Or at least very, very little. Observations made with the Tunable Laser Spectrometer on Curiosity (paper|press release) rule out an atmospheric level above 1.3 parts per billion with 95% confidence: the data is fully consistent with no methane at all. As the authors say:
Our result greatly reduces the probability of significant methanogenic microbial activity on Mars and recent methane production by serpentinization or from exogenous sources including meteoritic, interplanetary dust and cometary infall.
There will be some background from meteoritic sources, I assume, at the parts per trillion level (where I imagine they will stay undetectible even if Mars passes through the coma of comet C/2013 A1 (Siding Spring)). But these observations leave the idea of a methane-producing cryptic biosphere with no supporting evidence at all. This would feel like the end, if it didn't feel like things had ended a while back -- see this post and links therein. I rather regret that Mars looks deader still than it did before, but I don't regret having been so excited by the subject back in the day -- it's the nature of the game.
My only real loss is that I made a bet on the subject with Chris McKay, right at the beginning of the story, and consequently owe him a meal. But that loss is offset by the far greater gain of, hey, having a meal with Chris McKay.
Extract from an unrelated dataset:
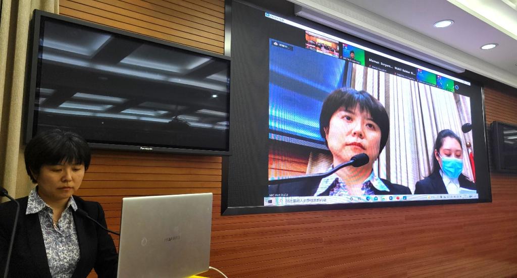 杨峻院长在签约仪式上致辞。杨院长向印尼日惹国立大学的与会嘉宾们简要介绍了北京语言大学外国语学部东方语言文化学院的基本情况。她分别从我院的日、韩及印尼语三个语系介绍了其学科专业的优异表现。最后,杨院长向印尼日惹国立大学发出诚挚的邀请:希望在疫情过去后,印尼日惹国立大学的领导老师们能到我校进行线下交流合作。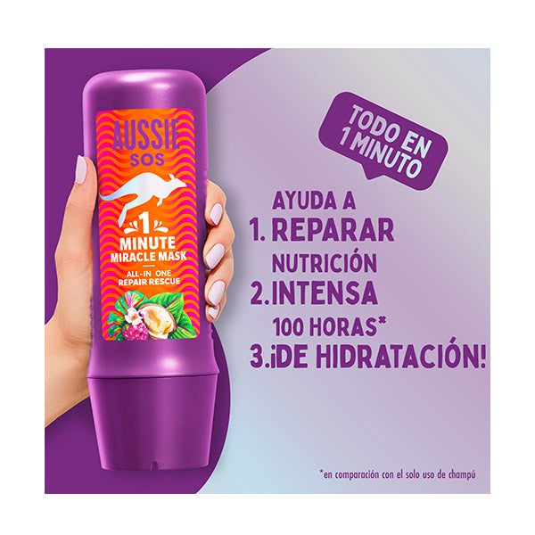 Aussie ha creado la mascarilla para el pelo SOS 1 Minute Miracle Mask Repair Rescue para que puedas disfrutar de una solución ultrarrápida para el cabello seco y dañado . Esta fórmula todo en uno, enriquecida con superalimentos australianos, repara y nutre intensamente en solo 60 segundos. Consigue un cabello increíblemente suave, liso e hidratado hasta por 100 horas. ¡Por fin podrás olvidarte de lo que es el encrespamiento! Características principales de SOS 1 Minute Miracle Mask Repair Rescue La SOS 1 Minute Miracle Mask Repair Rescue de Aussiees la mascarilla capilar todo en uno diseñada para el cabello seco y dañado que necesita un milagro en tiempo récord. Su característica principal es su acción instantánea: en solo 60 segundos , esta fórmula intensiva penetra en la fibra capilar para nutrir y reparar profundamente . Enriquecida con la potencia de los superalimentos australianos (como nuez de macadamia y fresa blanca), la mascarilla deja tu cabello suave, increíblemente liso y con un brillo renovado . Ofrece una hidratación duradera de hasta 100 horas, combatiendo la sequedad y el encrespamiento. Añádelo a tu estuche de cuidado del cabello y, con una sola aplicación, ya notarás el cambio: el cabello queda suave, suelto y con un brillo espectacular

And another gain is a greater appreciation of the power of theory. The observational case for methane on Mars was pretty good -- good teams, different techniques. The theoretical case against it, though, as brilliantly articulated by my friends Kevin Zahnle and David Catling and their colleague Richard Freedman in this article (pdf), was really persuasive. That insight has broader applicability, as I noted here:
Thomas Huxley, Darwin's ally in the fight to get evolution accepted, spoke warmly of the facility with which ugly facts can kill beautiful theories. But that fatal ability should not hide the fact that well-applied theories, beautiful and otherwise, can play a crucial role in deciding which observations get treated as facts in the first place.